━━━ Working data

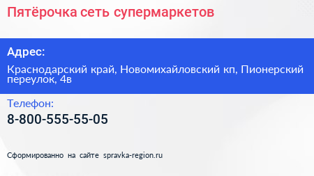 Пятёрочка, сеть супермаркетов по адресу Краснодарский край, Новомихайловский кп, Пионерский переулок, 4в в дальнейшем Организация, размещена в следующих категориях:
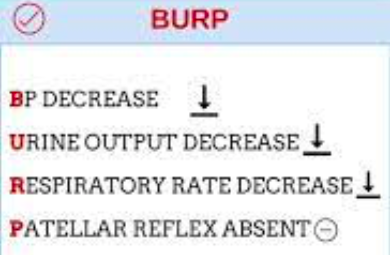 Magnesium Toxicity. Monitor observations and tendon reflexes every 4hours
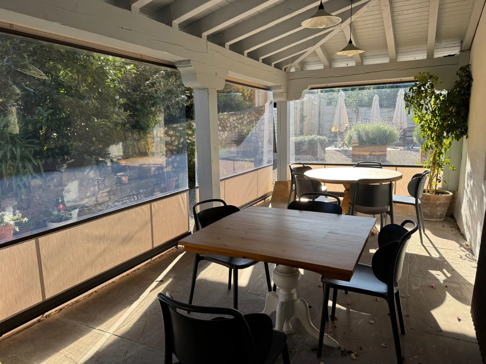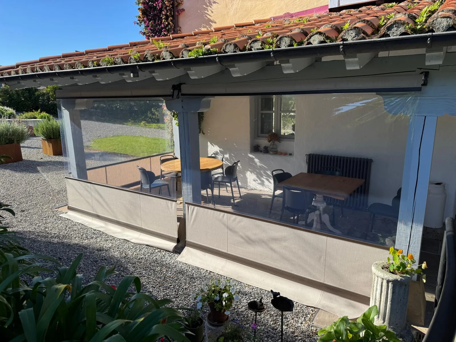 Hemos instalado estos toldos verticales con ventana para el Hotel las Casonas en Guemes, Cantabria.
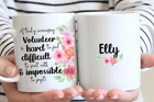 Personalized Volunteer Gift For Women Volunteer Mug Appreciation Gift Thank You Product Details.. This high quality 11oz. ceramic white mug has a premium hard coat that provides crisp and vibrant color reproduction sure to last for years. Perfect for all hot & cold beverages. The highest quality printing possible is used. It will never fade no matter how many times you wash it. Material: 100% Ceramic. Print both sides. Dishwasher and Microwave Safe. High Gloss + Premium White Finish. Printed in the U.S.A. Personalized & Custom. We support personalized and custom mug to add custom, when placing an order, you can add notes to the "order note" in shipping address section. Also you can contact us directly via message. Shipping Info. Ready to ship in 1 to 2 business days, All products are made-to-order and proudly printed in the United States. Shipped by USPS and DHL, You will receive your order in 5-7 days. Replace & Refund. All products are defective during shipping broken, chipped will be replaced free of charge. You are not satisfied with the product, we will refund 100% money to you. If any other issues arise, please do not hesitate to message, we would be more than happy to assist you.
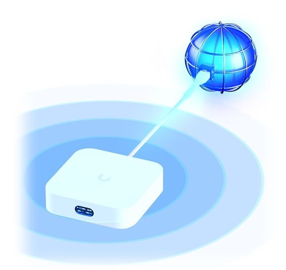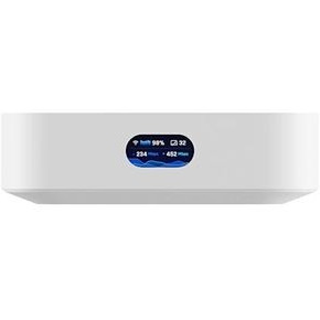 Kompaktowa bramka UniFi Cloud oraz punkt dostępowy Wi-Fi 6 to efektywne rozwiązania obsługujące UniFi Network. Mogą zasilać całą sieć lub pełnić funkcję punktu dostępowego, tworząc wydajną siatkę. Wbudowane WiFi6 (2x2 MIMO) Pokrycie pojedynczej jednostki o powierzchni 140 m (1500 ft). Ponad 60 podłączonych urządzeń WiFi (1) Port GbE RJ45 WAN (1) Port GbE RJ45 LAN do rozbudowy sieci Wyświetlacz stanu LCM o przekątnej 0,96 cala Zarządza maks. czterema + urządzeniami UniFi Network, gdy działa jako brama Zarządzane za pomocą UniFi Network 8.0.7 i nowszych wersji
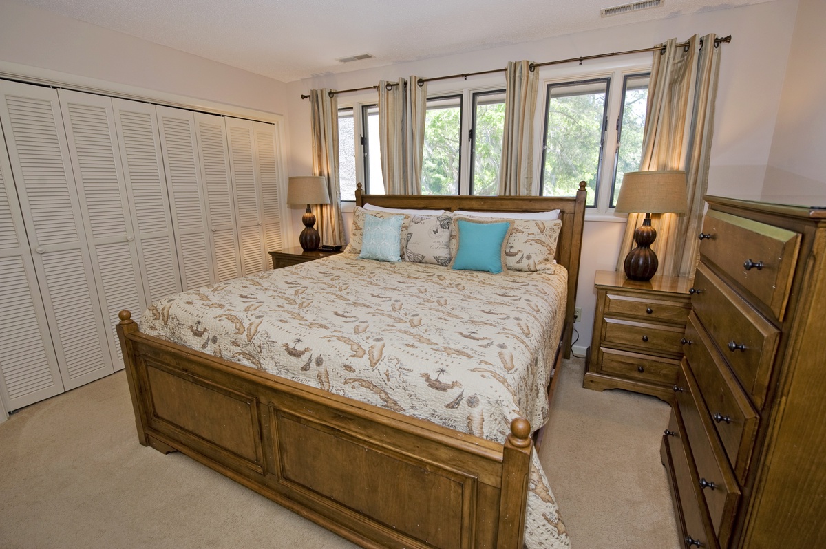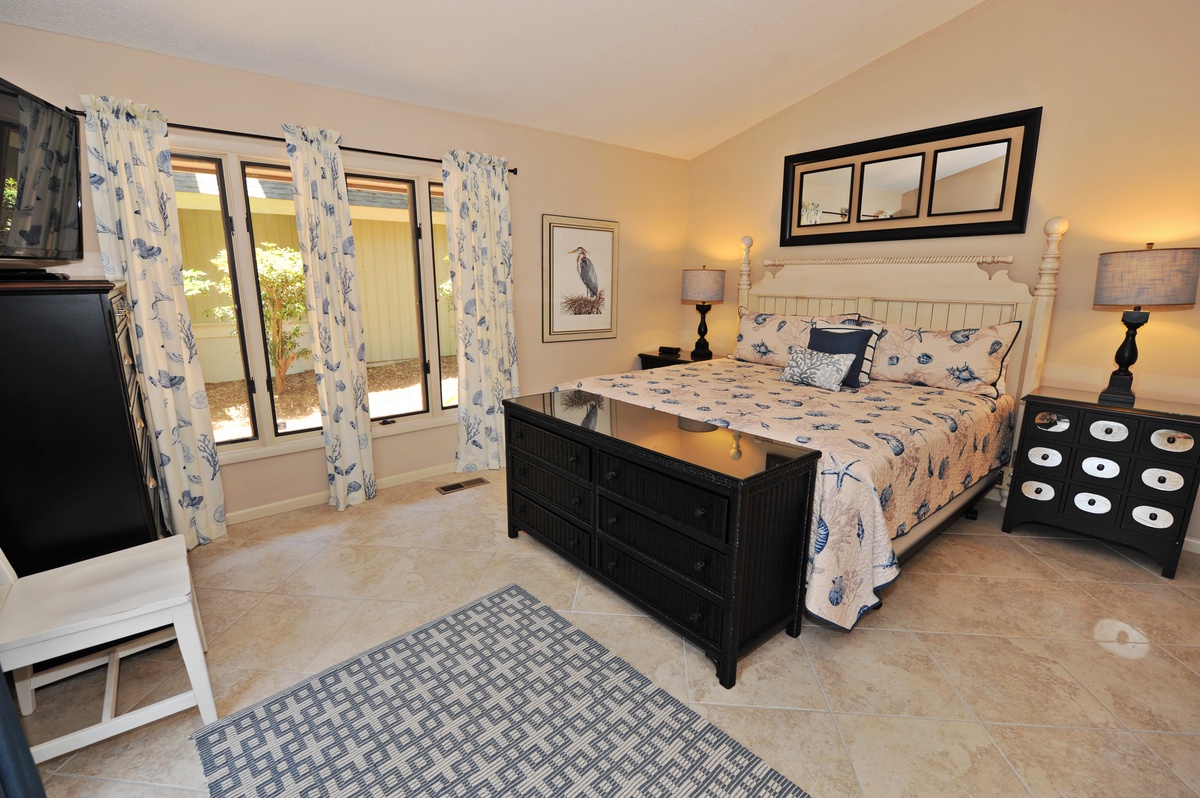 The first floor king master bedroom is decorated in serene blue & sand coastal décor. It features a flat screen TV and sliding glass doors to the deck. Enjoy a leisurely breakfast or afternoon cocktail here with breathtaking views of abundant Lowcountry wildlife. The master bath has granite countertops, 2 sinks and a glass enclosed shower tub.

━━━━━━
━━━ Working data

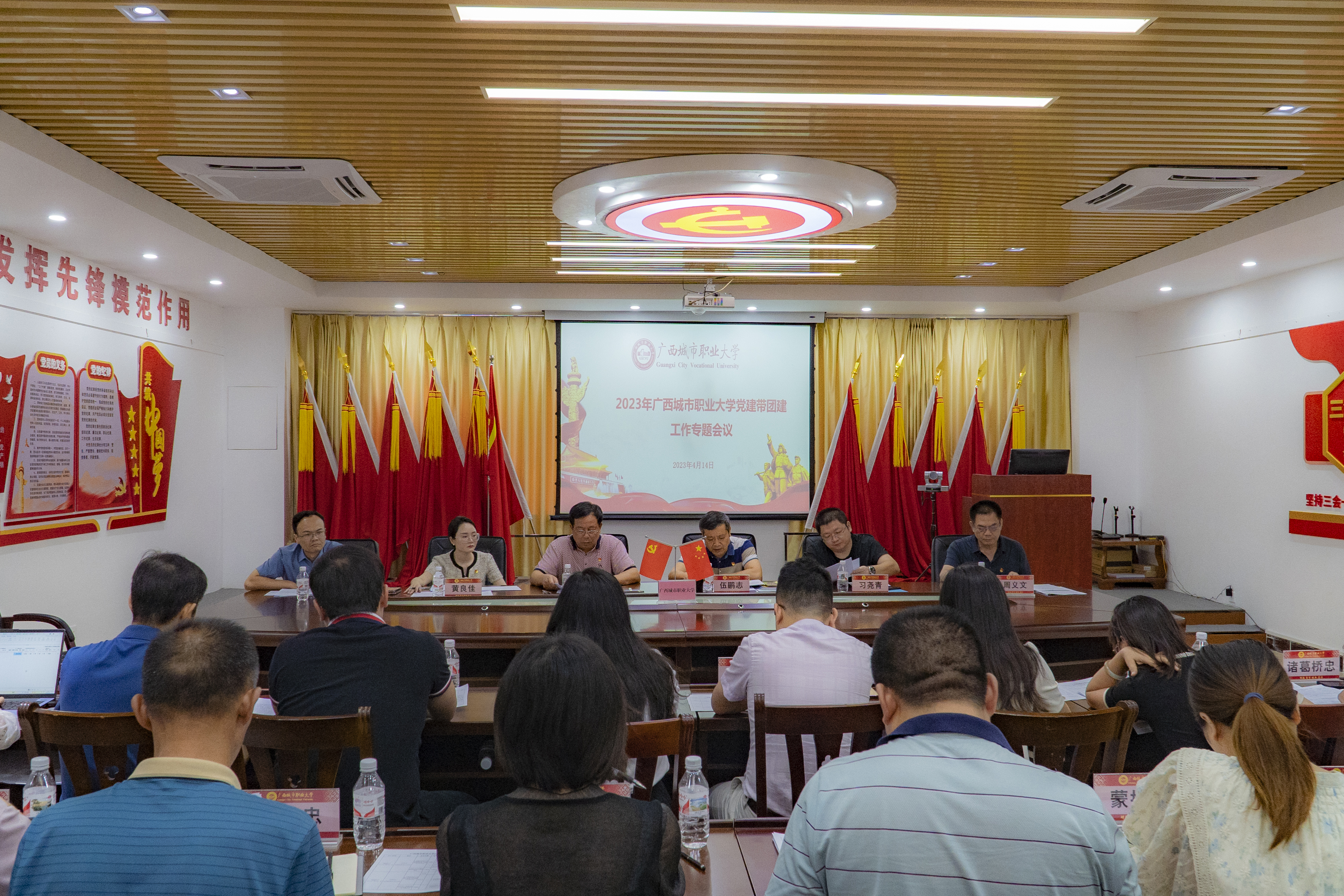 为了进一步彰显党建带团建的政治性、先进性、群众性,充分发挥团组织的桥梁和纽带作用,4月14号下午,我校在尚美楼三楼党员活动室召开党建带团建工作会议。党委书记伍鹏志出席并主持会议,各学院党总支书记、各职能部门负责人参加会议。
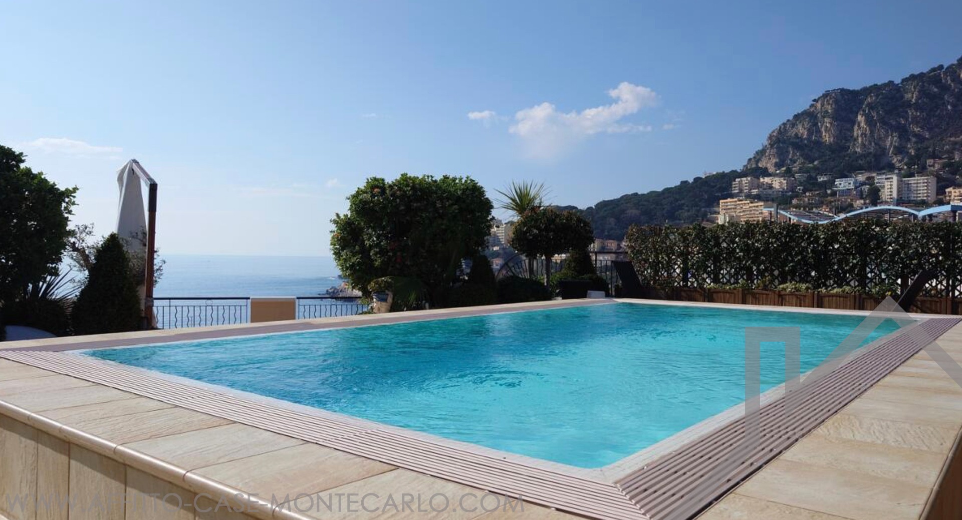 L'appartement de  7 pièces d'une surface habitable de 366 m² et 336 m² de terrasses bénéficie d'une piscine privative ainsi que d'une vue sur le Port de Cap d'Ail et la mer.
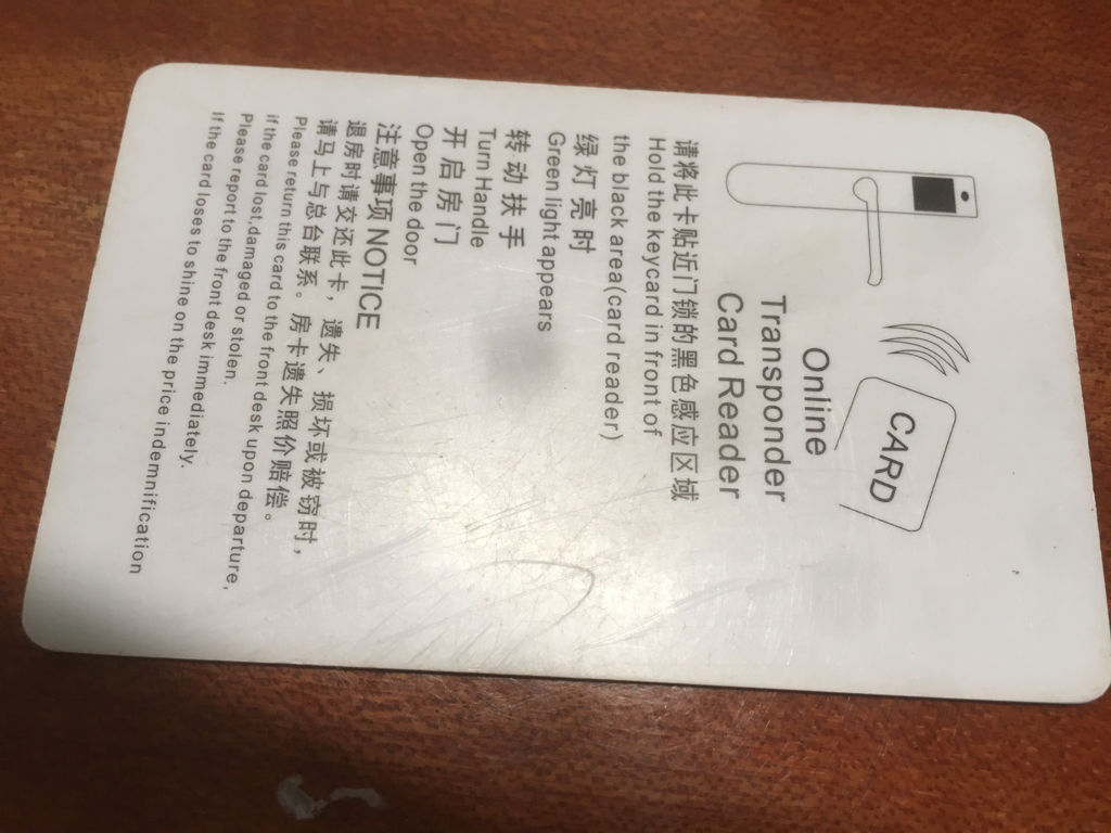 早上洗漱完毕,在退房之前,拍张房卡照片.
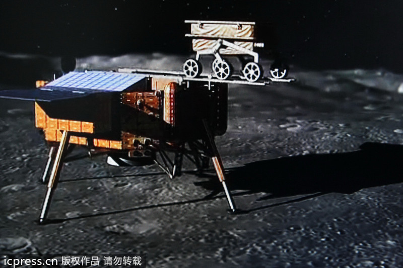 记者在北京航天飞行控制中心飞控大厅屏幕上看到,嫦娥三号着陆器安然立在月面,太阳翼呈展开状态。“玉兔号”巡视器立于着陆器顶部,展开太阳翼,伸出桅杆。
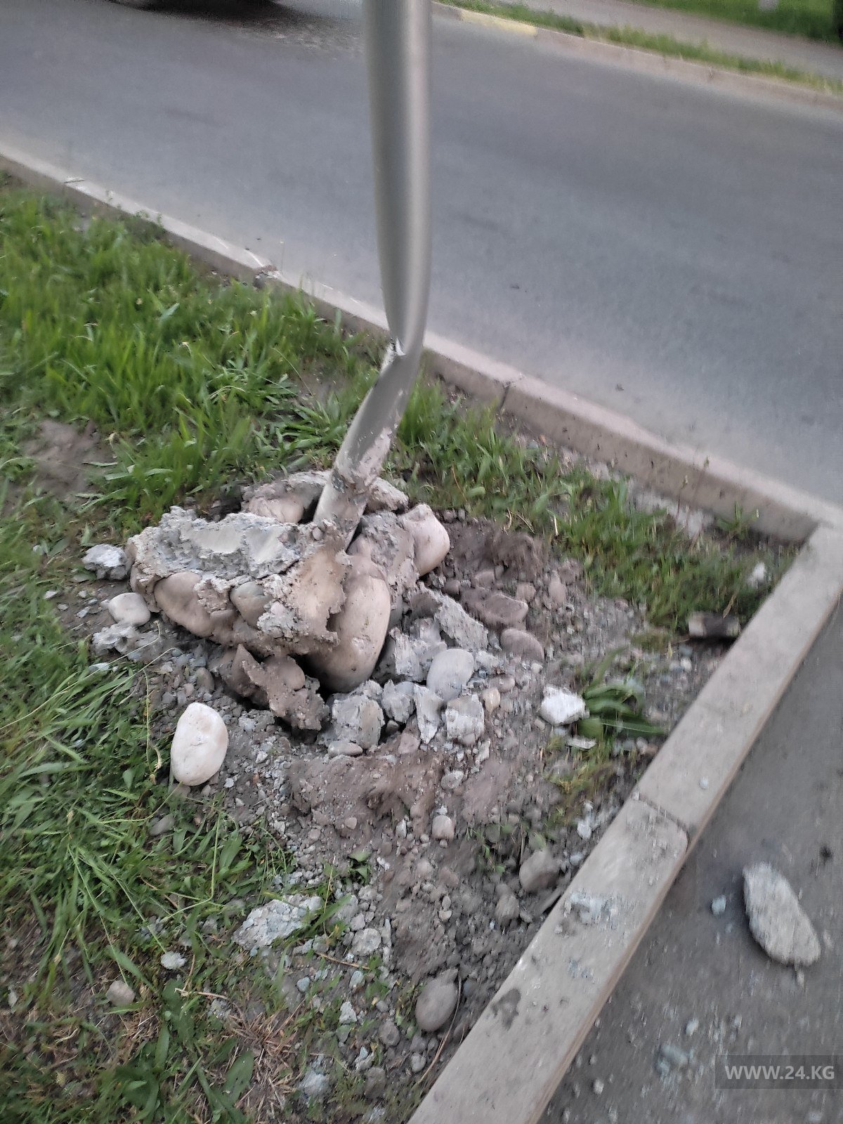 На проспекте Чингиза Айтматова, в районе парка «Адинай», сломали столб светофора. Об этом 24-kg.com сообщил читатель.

━━━━━━
━━━ Working data

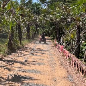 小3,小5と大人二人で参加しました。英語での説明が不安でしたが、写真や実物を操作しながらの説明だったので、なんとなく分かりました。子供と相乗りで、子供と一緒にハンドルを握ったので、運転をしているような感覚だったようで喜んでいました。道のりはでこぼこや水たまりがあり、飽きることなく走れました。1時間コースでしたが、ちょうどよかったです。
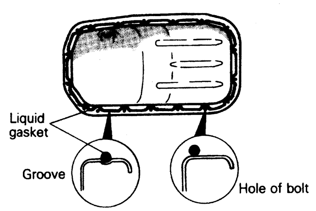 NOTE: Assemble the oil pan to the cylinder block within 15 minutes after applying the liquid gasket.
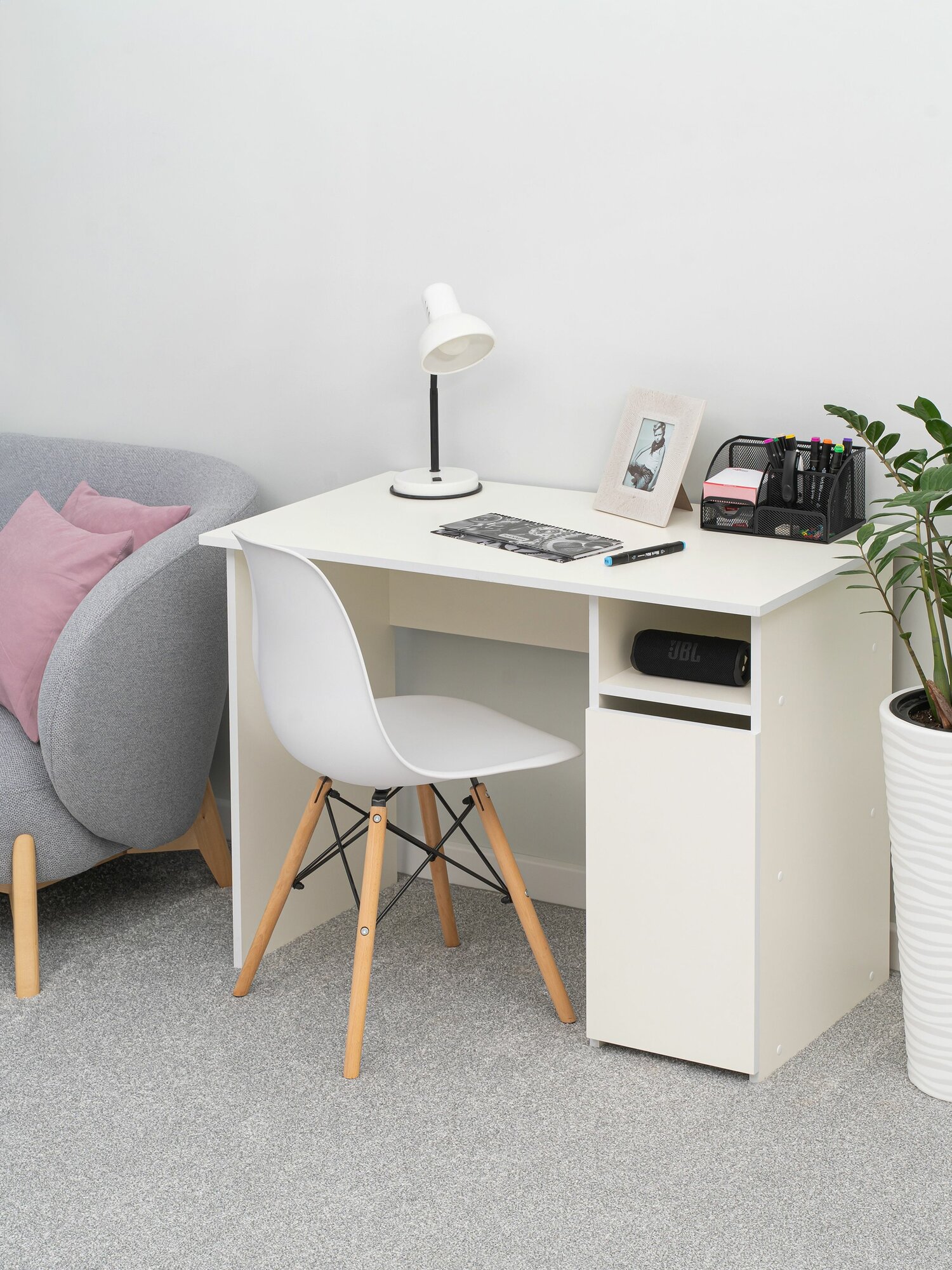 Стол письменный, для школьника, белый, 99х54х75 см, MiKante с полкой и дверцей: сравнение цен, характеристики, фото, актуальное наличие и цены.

━━━━━━

**Work instruction:** The material above holds pictures; leave them out. Repeat exactly the lines from the one containing "记者在北京航天飞行控制中心飞" through the one containing "На проспекте Чингиза", and nothing else.

**Finished exercise:**
 记者在北京航天飞行控制中心飞控大厅屏幕上看到,嫦娥三号着陆器安然立在月面,太阳翼呈展开状态。“玉兔号”巡视器立于着陆器顶部,展开太阳翼,伸出桅杆。
 На проспекте Чингиза Айтматова, в районе парка «Адинай», сломали столб светофора. Об этом 24-kg.com сообщил читатель.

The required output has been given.